__ASSIGNMENT__
Collect from the data below each line with "This".

━━━━━ INPUT ━━━━━

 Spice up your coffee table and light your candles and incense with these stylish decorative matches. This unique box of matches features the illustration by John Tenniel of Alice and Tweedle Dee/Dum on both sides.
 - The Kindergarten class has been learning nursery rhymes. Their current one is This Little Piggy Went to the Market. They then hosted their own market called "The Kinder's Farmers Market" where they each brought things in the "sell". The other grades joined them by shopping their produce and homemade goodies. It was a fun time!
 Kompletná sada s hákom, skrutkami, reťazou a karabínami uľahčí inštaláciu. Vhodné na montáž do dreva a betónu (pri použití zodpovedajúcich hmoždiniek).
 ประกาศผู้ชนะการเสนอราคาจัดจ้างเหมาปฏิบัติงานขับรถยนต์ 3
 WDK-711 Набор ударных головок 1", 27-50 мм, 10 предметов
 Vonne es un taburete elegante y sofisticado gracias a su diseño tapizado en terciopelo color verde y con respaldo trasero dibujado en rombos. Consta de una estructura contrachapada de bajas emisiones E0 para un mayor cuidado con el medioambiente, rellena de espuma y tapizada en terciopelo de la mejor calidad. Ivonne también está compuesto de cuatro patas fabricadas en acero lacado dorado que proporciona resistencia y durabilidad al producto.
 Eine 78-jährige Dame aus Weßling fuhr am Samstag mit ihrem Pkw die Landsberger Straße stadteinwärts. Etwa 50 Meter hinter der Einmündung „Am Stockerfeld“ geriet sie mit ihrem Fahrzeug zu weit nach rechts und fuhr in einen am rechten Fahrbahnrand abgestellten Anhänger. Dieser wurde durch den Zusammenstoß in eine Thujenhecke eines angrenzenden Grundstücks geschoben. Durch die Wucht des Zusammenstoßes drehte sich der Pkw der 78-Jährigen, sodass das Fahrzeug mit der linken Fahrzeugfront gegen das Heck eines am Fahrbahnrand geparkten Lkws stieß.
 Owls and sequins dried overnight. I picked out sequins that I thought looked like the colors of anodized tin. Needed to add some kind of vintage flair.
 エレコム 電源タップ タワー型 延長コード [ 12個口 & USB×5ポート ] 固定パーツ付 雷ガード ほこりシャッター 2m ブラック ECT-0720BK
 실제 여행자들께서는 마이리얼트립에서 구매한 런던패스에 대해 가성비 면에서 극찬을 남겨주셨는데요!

━━━━━

__ANSWER SECTION__
 Spice up your coffee table and light your candles and incense with these stylish decorative matches. This unique box of matches features the illustration by John Tenniel of Alice and Tweedle Dee/Dum on both sides.
 - The Kindergarten class has been learning nursery rhymes. Their current one is This Little Piggy Went to the Market. They then hosted their own market called "The Kinder's Farmers Market" where they each brought things in the "sell". The other grades joined them by shopping their produce and homemade goodies. It was a fun time!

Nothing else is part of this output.